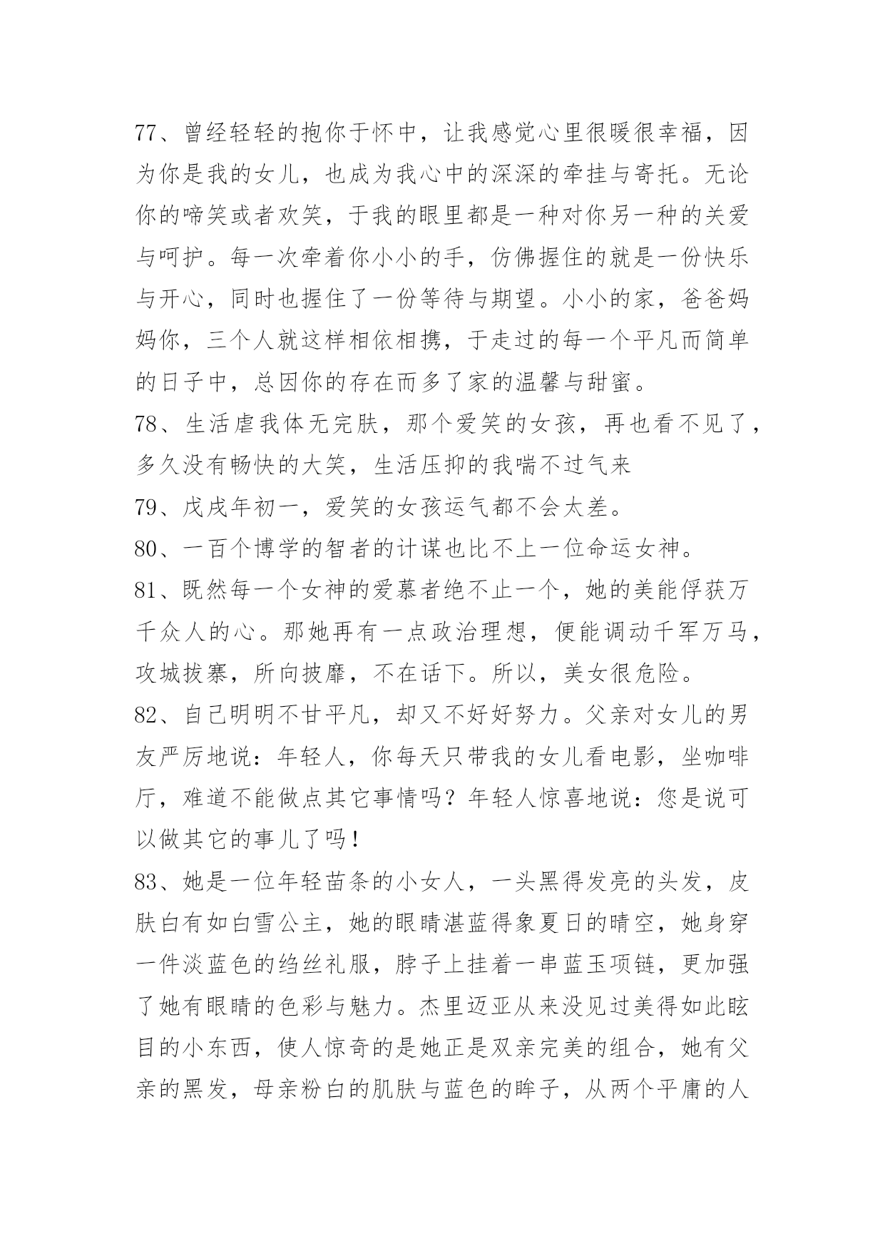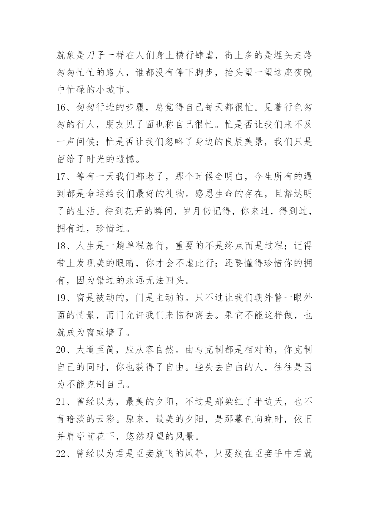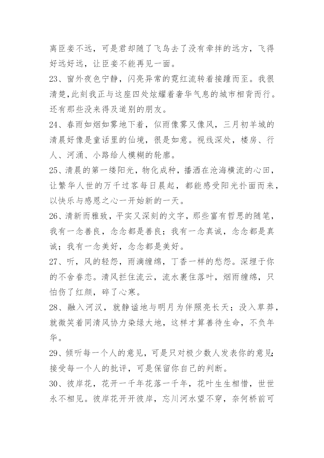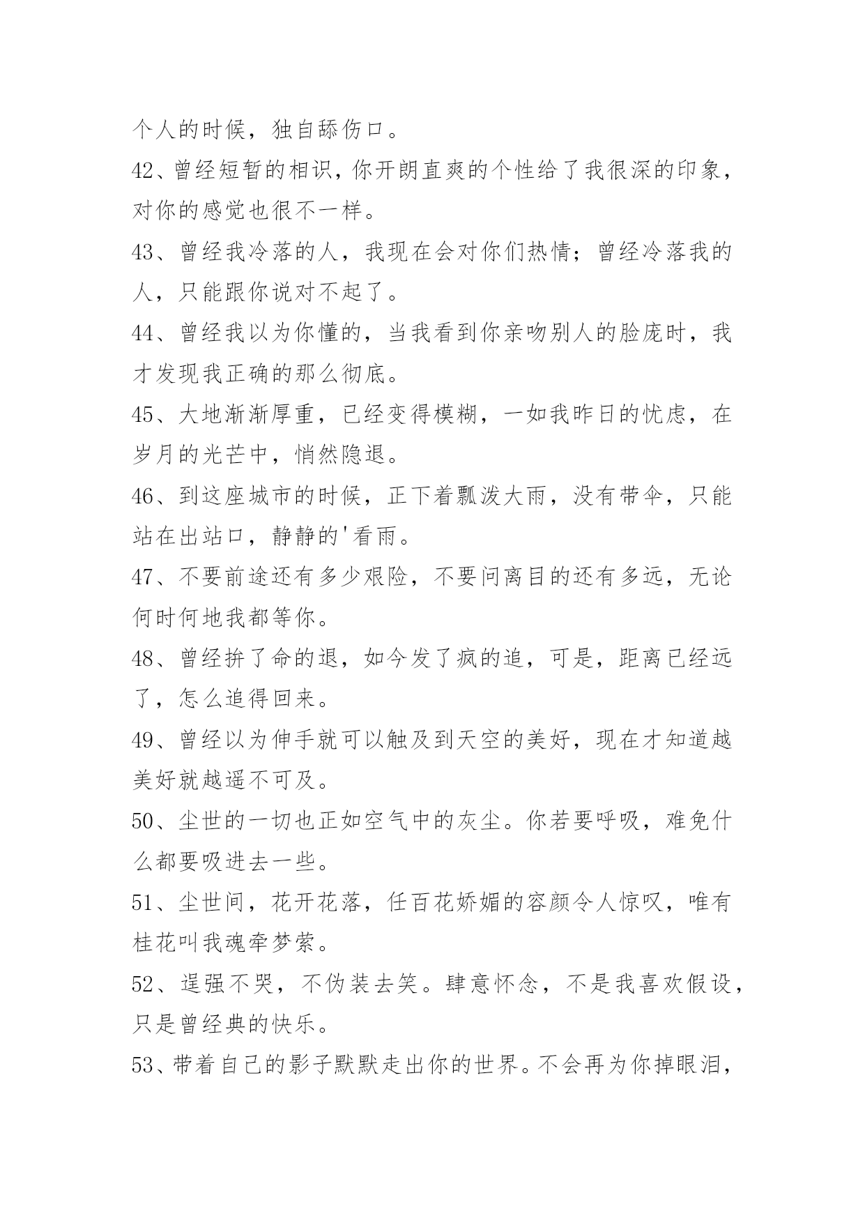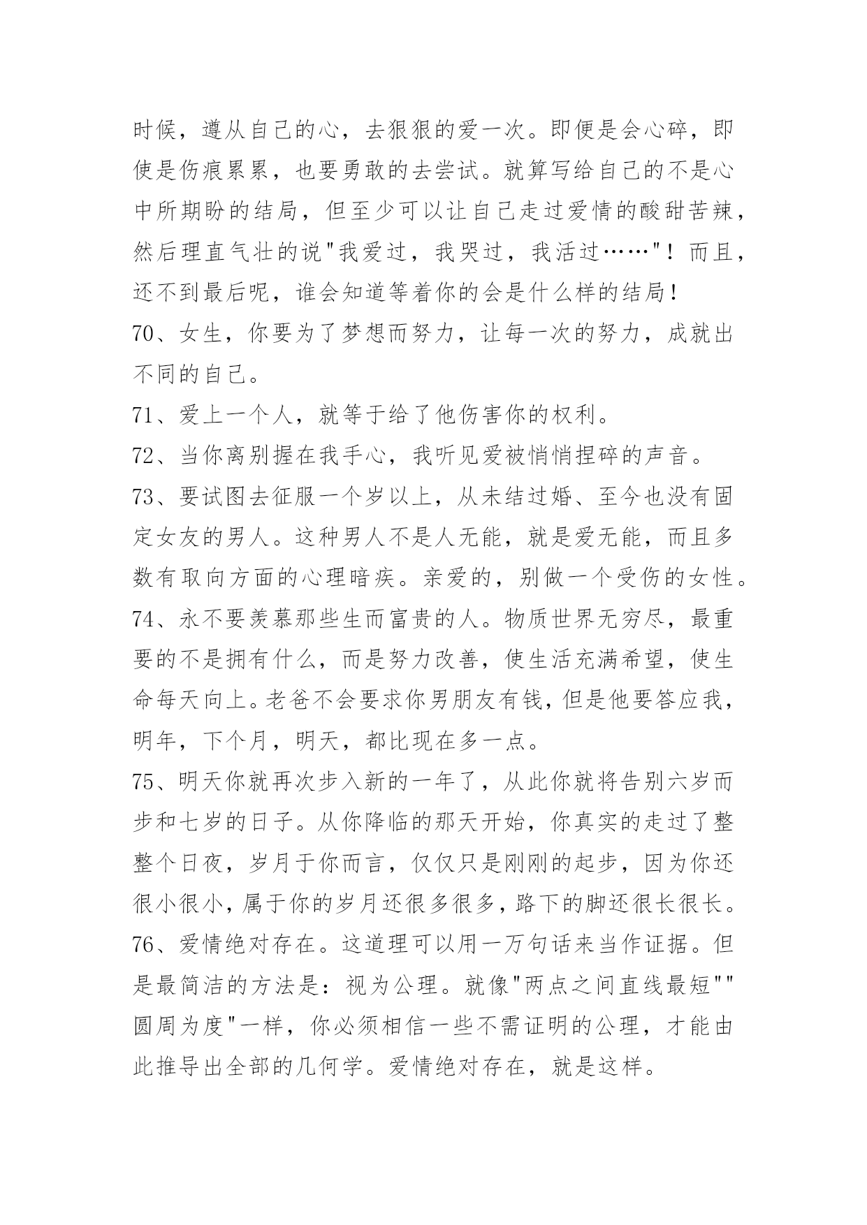 女生唯美句子84条有关女生唯美句子集合84条那些曾经以为过不去的坎,也都跌跌撞撞的过来了。下面是小编收集整理的女生唯美句子84条,一起来欣赏吧。1、春夜喜雨,干干的大地刚刚经历了洗礼,一切都将是新的,从高到低,从远及近,都一抹的新,新的芽,新的叶,新的瓣,新的蕊,新的梦,一切都可以重新开始,一切又可以把现实变成一个个美丽梦。2、回忆是一场前世的美梦,醉了今生痴儿那如寒谭般清澈的眼眸;回忆中的那一抹抹暖,含着一丝的浅喜,亦有一丝的浅忧,犹如那一朵朵的深谷幽兰,素雅清香却带着深沉的忧伤,在尘世之外旖旎生香。3、我寂寞寂寞就好,这时候谁都别来安慰拥抱。让我一个人去痛到受不了,伤到快疯掉。不了就还好。寂寞寂寞就好,你真的不用来我回忆里微笑。就不相信我会笨到忘不了,赖着不放掉。4、人生如茶、岁月静好,蓦然回首,才发现品茶品得亦是心境。穷也好,富也好,得也好,失也好,都是过眼云烟、时光荏苒,茶浓茶淡,且品且珍惜;人来人往,且行且祈愿。喝了这一杯茶,不管昨天、今天、明天,心若豁然,便如晴天。5、最快乐的人不是最完美的人,他们只是充分地利用了他们所能握在手里的东西。过的人,受过伤的人,追求过的人,尝试过的人,充满感激的人,才是真正懂得快乐的人。从一个微笑开始,在热吻中得以延伸,却随眼泪逝去。6、曾经有一个朋友写给我这样一句话:"我们将错过,不是因为想念,但两个遗漏的词在我们的生活中——感动。"实际上,我们的心不再敏感,我们不再收集在一个火花感动,只有当我们错过它,当回首,才发现我们真的失去了很多原始的。7、尘世里不小心的遇见,亦如烟花闪过天际,从此天涯多了一份寂寞的惆怅。谁把思念托付于唯美的诗行,将前世的眷恋,今生的落寞都吟成大漠里一缕孤烟?风过后,纷扬了一地的哀伤,谁站在一首诗的忧伤里怅然而望,那遥遥无期的温柔?8、的坏习气,不厌弃我的家境怎样,一直站在我身边,一不小心就白头到老了。(我希望遇到一个人,待我如我曾经待他那般。斘蚁M遇到一个人,能把我的情绪安抚下来,不再易躁易怒反覆无常,不再深夜哭的势不可挡,不再孤身一人开常9、季末阴暗笼罩的沉睡大地,阴霾的天空,雪花纷纷扰扰的散落,影子离乱在无边的苍白里,瑟瑟的风撩起了年末寒冷的霎那,又苦了谁的思念,殇了谁的心间?半城艳影,空岁落遇,弹指一挥间,几世繁华,付诸东流,三千青丝,沧桑流年。10、既然现在的我还不能变得深刻,那么,我就让自己变得轻松。哭丧着脸的人,怎能听清花开的响声;伪装自己的人,又怎能听懂蛙鸣一片里的激动。伤心时,不会人前落泪,却会心中流血;高兴时,只会微微扯上笑容,却发现自己已不会笑。11、静静地躺在飘雪的广场上,默默地等待着那一种微妙的旋律飘过心海的时候捉住,世界总是静不下来,睡在冰冷的雪地上依然躲不过梦里的杂乱,悄悄地脚步声徘徊在耳边,怎么也是看不见奇怪的身影浮现,那一抹旋律就成了啪啪的脚步声。12、轮回彼岸,今天早已破碎,昨日却完美无缺;今生早已忘却,前世却记忆犹新。几度迟凝,回转身,闭上眼,拈花一笑,纤指一弹。臣妾便随花零落天涯,碾作成泥,消失不见。从此,前世一梦,坠入红尘的,只是一个忧伤而凄美的传说……13、慢慢学着承受,生活,总是如梦般遥远,又如梦般切近。它,不卑不亢,是一种存在,在挣扎中彰显其价值,其美丽;它,有声有色,是一种歌唱,在起伏中诠释其姿态,其浪漫;它,无怨无悔,是一种历练,在风雨中沉淀其情怀,其灵魂。14、其实每一个人,都是其灵魂的舞者,一生都在孤独中独自守候。他们眼里的世界都是干净的,也是素雅简单的。世人渴望幽居一处田园,坐拥一溪静水,种下半亩花田,以一颗平常心坐看云卷云舒,以清澈的眼眸遥望天际中无边的淡淡云烟。15、北方的冬天很冷,尤其还是个临海城市,晚上的风一吹,就象是刀子一样在人们身上横行肆虐,街上多的是埋头走路匆匆忙忙的路人,谁都没有停下脚步,抬头望一望这座夜晚中忙碌的小城市。16、匆匆行进的步履,总觉得自己每天都很忙。见着行色匆匆的行人,朋友见了面也称自己很忙。忙是否让我们来不及一声问候;忙是否让我们忽略了身边的良辰美景,我们只是留给了时光的遗憾。17、等有一天我们都老了,那个时候会明白,今生所有的遇到都是命运给我们最好的礼物。感恩生命的存在,且豁达明了的生活。待到花开的瞬间,岁月仍记得,你来过,得到过,拥有过,珍惜过。18、人生是一趟单程旅行,重要的不是终点而是过程;记得带上发现美的眼睛,你才会不虚此行;还要懂得珍惜你的拥有,因为错过的永远无法回头。19、窗是被动的,门是主动的。只不过让我们朝外瞥一眼外面的情景,而门允许我们来临和离去。果它不能这样做,也就成为窗或墙了。20、大道至简,应从容自然。由与克制都是相对的,你克制自己的同时,你也获得了自由。些失去自由的人,往往是因为不能克制自己。21、曾经以为,最美的夕阳,不过是那染红了半边
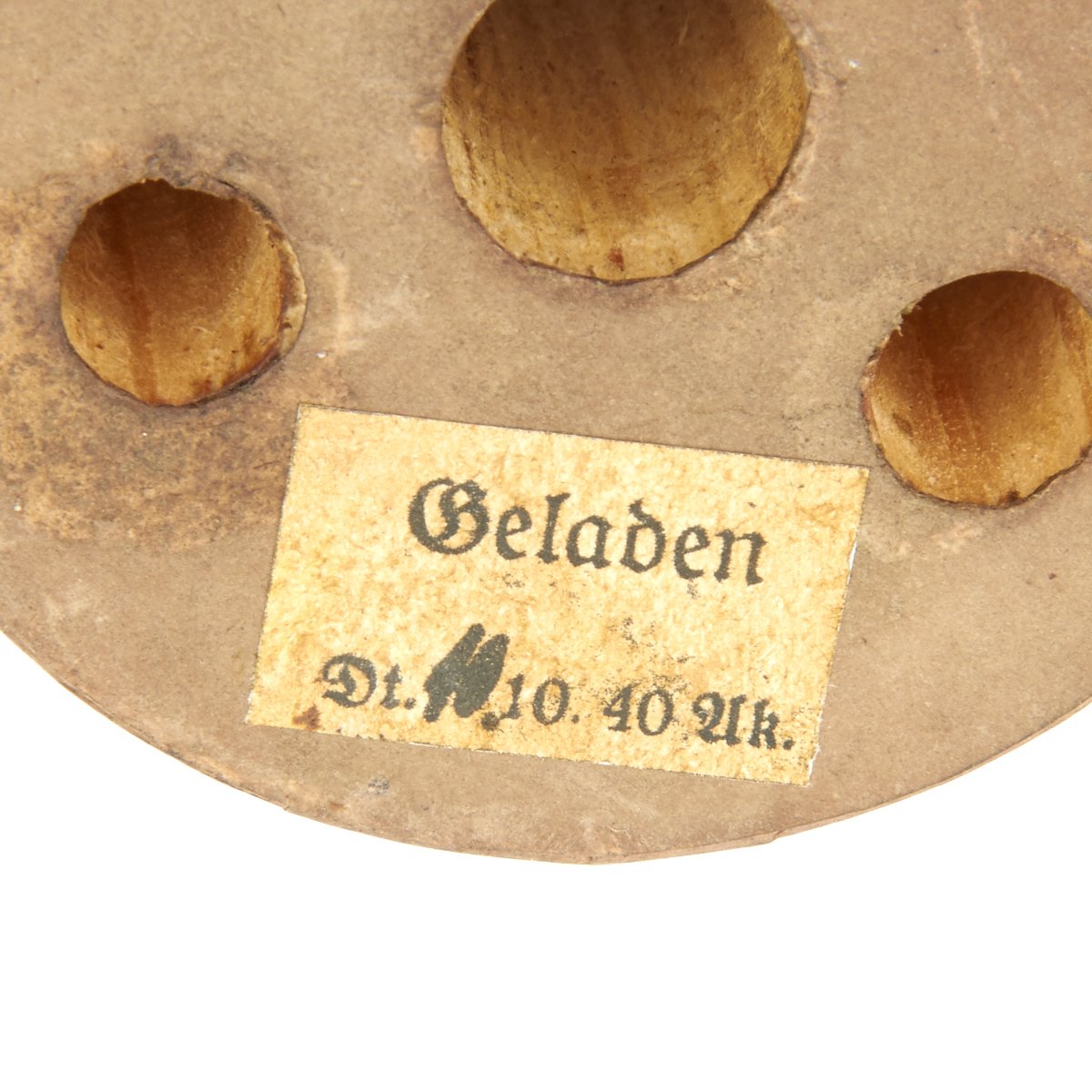 Original Item: Only One Available. Incredible totally inert original German WWII 1938 dated S-Mine with two tripwire activated fuses as well other accessories including the hard to find fuse elbow, as well as deactivated detonator tubes, and a replica fully-marked TNT charge (Geladen) constructed of wood with original paper label. Also, included are shrapnel (ball bearings) which are nearly identical to the shrapnel that would have been used during WWII. These give weight and authenticity to the mine. It bears original green paint with Waffenamt inspection logo and number stamped into the steel above the maker name and date:
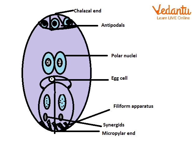 The egg apparatus is present towards the micropylar end and contains the egg cell, which forms a zygote after fusion with the pollen during fertilisation. The pollen tubes are reported to grow towards the egg apparatus because the synergid cells are thought to secrete a chemical that attracts the growth of the same, or we can say that pollen tubes progress chemo tropically in the ovule. The tip of the pollen tube bursts after entering the embryo sac. As a result, the male gametes are released.
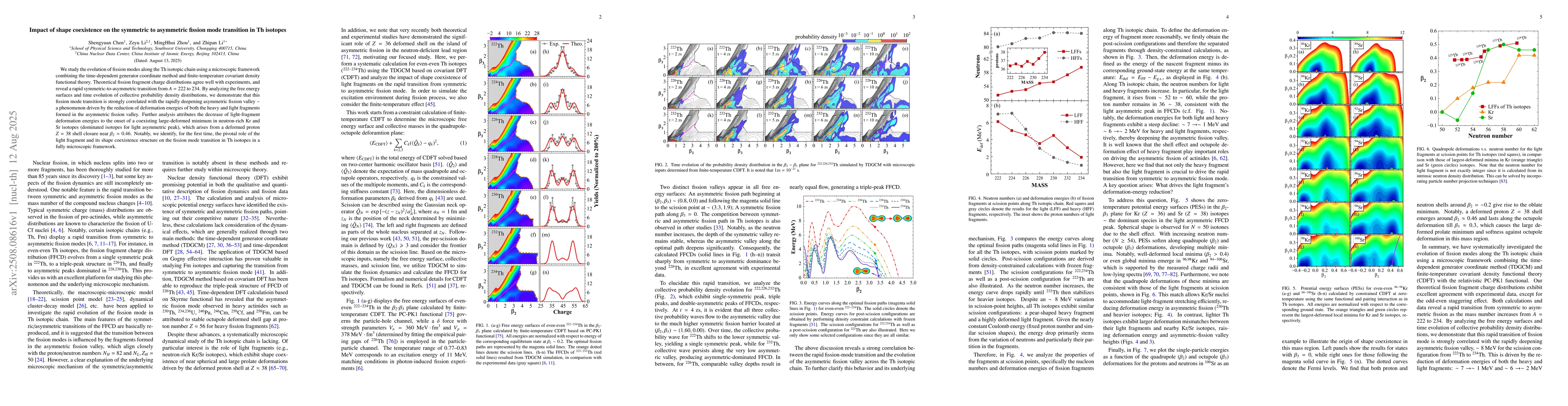 We study the evolution of fission modes along the Th isotopic chain using a microscopic framework combining the time-dependent generator coordinate method and finite-temperature covariant density functional theory. Theoretical fission fragment charge distributions agree well with experiments, and reveal a rapid symmetric-to-asymmetric transition from $A=222$ to 234. By analyzing the free energy surfaces and time evolution of collective probability density distributions, we demonstrate that this fission mode transition is strongly correlated with the rapidly deepening asymmetric fission valley $-$ a phenomenon driven by the reduction of deformation energies of both the heavy and light fragments formed in the asymmetric fission valley. Further analysis attributes the decrease of light-fragment deformation energies to the onset of a coexisting large-deformed minimum in neutron-rich Kr and Sr isotopes (dominated isotopes for light asymmetric peak), which arises from a deformed proton $Z=38$ shell closure near $\beta_2\approx0.46$. Notably, we identify, for the first time, the pivotal role of the light fragment and its shape coexistence structure on the fission mode transition in Th isotopes in a fully microscopic framework.
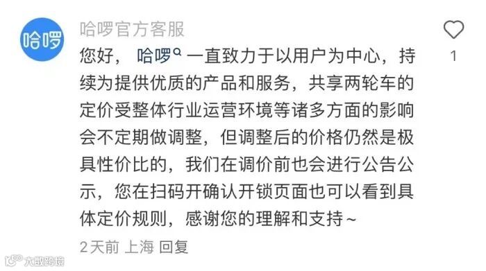 对此,哈啰官方客服回应表示,共享两轮车的定价受整体行业运营环境等诸多方面的影响会不定期做调整,但调整后的价格仍然是极具性价比的,哈啰在调价前会进行公告公示,用户在扫码确认开锁页面也可以看到具体定价规则。
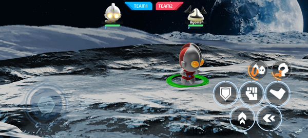 1、游戏的操作采用了经典的摇杆和按键控制,这也是大多动作类游戏所使用的方案,通过左下角的摇杆可以控制奥特曼走位,右下角的攻击按键可以控制它们进行手和脚的进攻,当然也包括了特殊技能按钮能触发奥特曼的大招了。

##############################

- **Requirement**
Your reply should consist solely of the lines from the line containing "对此,哈啰官方客服回应表示,共享两轮车的" through the last line of the listing, unchanged and free of pictures.

- **Task output**
 对此,哈啰官方客服回应表示,共享两轮车的定价受整体行业运营环境等诸多方面的影响会不定期做调整,但调整后的价格仍然是极具性价比的,哈啰在调价前会进行公告公示,用户在扫码确认开锁页面也可以看到具体定价规则。
 1、游戏的操作采用了经典的摇杆和按键控制,这也是大多动作类游戏所使用的方案,通过左下角的摇杆可以控制奥特曼走位,右下角的攻击按键可以控制它们进行手和脚的进攻,当然也包括了特殊技能按钮能触发奥特曼的大招了。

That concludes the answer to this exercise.